Migrating from Monolith to Microservices: A Practical Approach

Our monolith wasn’t a disaster. That’s almost the problem.

In 2016, we shipped fast. One repo, one database, one deployment. Features went from idea to production in days. The codebase was familiar. Onboarding meant cloning one repository and running docker-compose up. Life was good.

By early 2017, “good” had become “comfortable but cramped.” Deployments made everyone hold their breath. Scaling meant scaling everything because one feature got popular. Three teams were editing the same modules and politely passive-aggressively reviewing each other’s PRs.

Microservices promised independence.
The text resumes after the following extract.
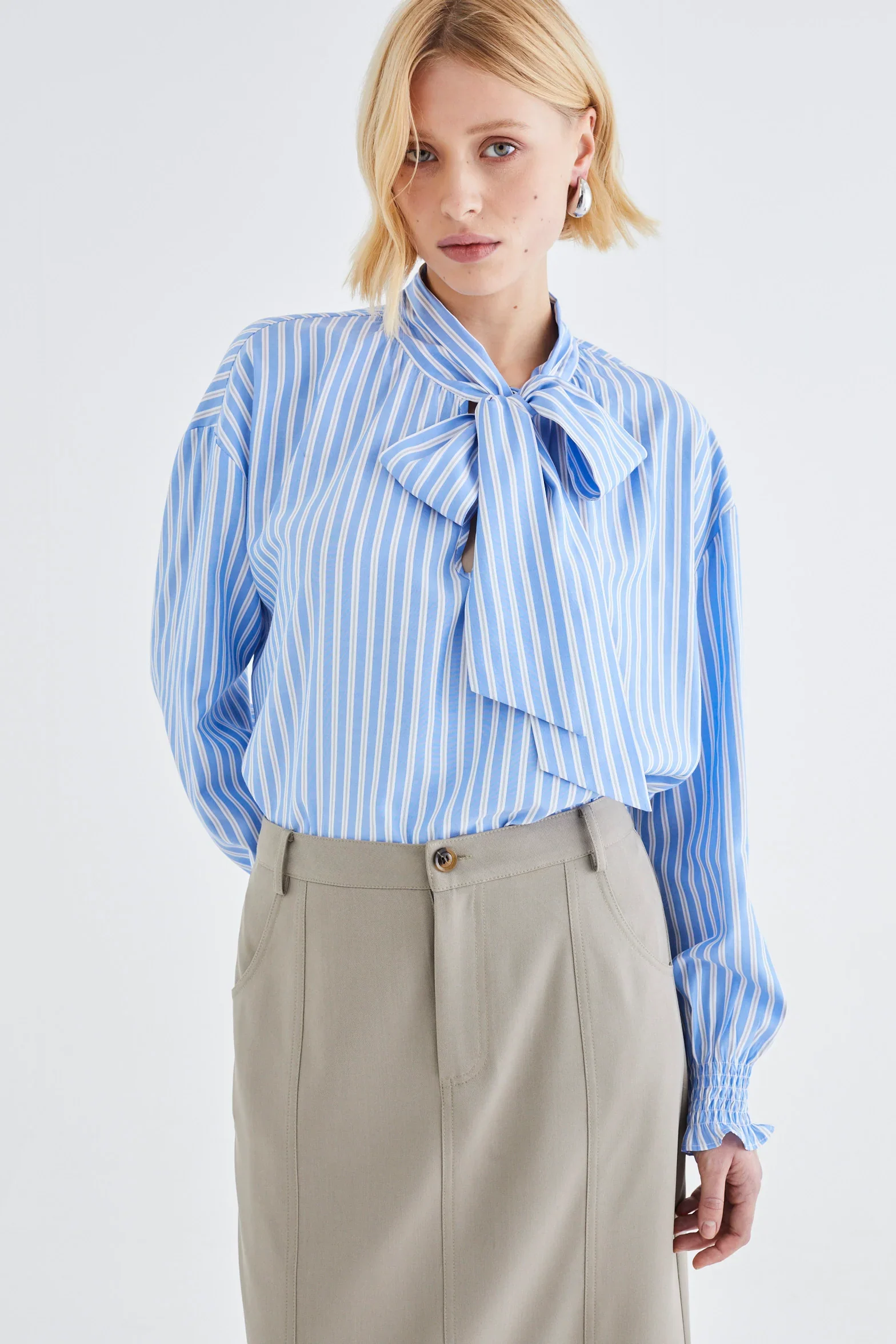 La blusa ENO de rayas azules presenta un refinado detalle de lazo que se puede dejar desatado con elegancia para un look relajado y elegante. Este básico sofisticado combina rayas clásicas con una silueta sofisticada, convirtiéndola en una prenda versátil para cualquier armario. Perfecta tanto para entornos profesionales como para un estilo casual con estilo.

They delivered… distributed systems. With extra steps.

We spent six months migrating using the Strangler Fig pattern—gradually replacing pieces of the monolith rather than rewriting in a heroic weekend that would have ended in pizza, tears, and a rollback. Here’s the honest account.

Why We Left (And Why We Hesitated)

The pain was real:

Deployment bottlenecks — One bad migration took down the entire app
Scaling mismatches — User profile reads were 80% of traffic; we scaled the whole monolith for them
Team friction — Merge conflicts in shared modules were a weekly ritual
Technology lock-in — Python for everything, even when Go or Node would have been a better fit for specific jobs

But microservices aren’t free upgrades. They’re trade-offs:

Function calls become network calls (with latency and failure modes)
Distributed transactions become sagas, eventual consistency, and long debugging sessions
“Works on my machine” becomes “works in my service mesh, probably”
Infrastructure surface area multiplies

We migrated because the monolith’s pain exceeded the distributed systems tax. If your monolith is merely annoying, fix the monolith. If it’s actively limiting growth, read on.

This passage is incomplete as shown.